Set actions to be executed after epoch ends.

Declare what should be done upon finishing an epoch (e.g. save artifacts or evaluate some metric).

Return type

List[Artifact]

get_sample(num_samples=None, data=None)[source]

Generate a sample.

Either based on random noise (requires the amount of samples) or original data if a reconstruction-based GAN is chosen.

Return type

Tuple[Tensor, Tensor]

Base class for encoder based GANs.

class ecgan.modules.generative.base.encoder_gan_module.BaseEncoderGANModule(cfg, seq_len, num_channels)[source]

Bases: ecgan.modules.generative.base.gan_module.BaseGANModule

Base class for GANs with an autoencoder as generator.

property discriminator_sampler: ecgan.utils.sampler.FeatureDiscriminatorSampler

Return the sampler used to sample from the discriminator.

Return type

FeatureDiscriminatorSampler

property generator_sampler: ecgan.utils.sampler.EncoderBasedGeneratorSampler

Return the sampler used to sample from the generator.

Return type

EncoderBasedGeneratorSampler

property watch_list: List[torch.nn.modules.module.Module]

Return models that should be watched during training.

Return type

List[Module]

training_step(batch)[source]

Declare what the model should do during a training step using a given batch.

Parameters

batch (dict) -- The batch of real data.

Return type

dict

Returns

A dict containing the optimization metrics which shall be logged.

validation_step(batch)[source]

Perform a validation step.

This method states the validation or inference process for one given batch.

Parameters

batch (dict) -- Dictionary containing training tensors.

Return type

dict

Returns

Dictionary with metrics to log (e.g. loss).

on_epoch_end(epoch, sample_interval, batch_size)[source]

Every sample_interval-th epoch.

  1. Sample the reconstruction of previously set fixed samples from the generator.

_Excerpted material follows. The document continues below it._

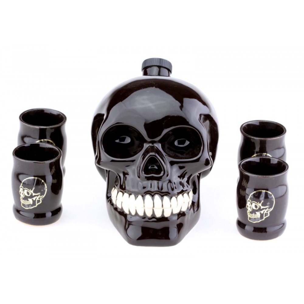 Необычный подарочный набор, состоящий из графина черепа и четырех керамических рюмок с черепами на борту.Рюмки вмещают по 50 грамм каждая.Графин череп – прикольный подарок

  2. Walk through latent space to check how data changes when walking through latent space.

Every tenth epoch and for the last 30 epochs: Check metrics using the optimization procedure for the reconstruction and discrimination loss.

Return type

List[Artifact]

save_checkpoint()[source]

Return current model parameters.

Return type

dict

load(model_reference, load_optim=False)[source]

Load a trained module from disk (file path) or wand reference.

set_fixed_samples()[source]

Set the fixed samples of the module.

Utilized in validation_step or on_epoch_end to have comparable samples across epochs. It is made sure that approximately the same amount of samples belong to class 0 and 1.

Return type

None

get_interpolated_samples(sample)[source]

Interpolate through latent space based on fixed samples.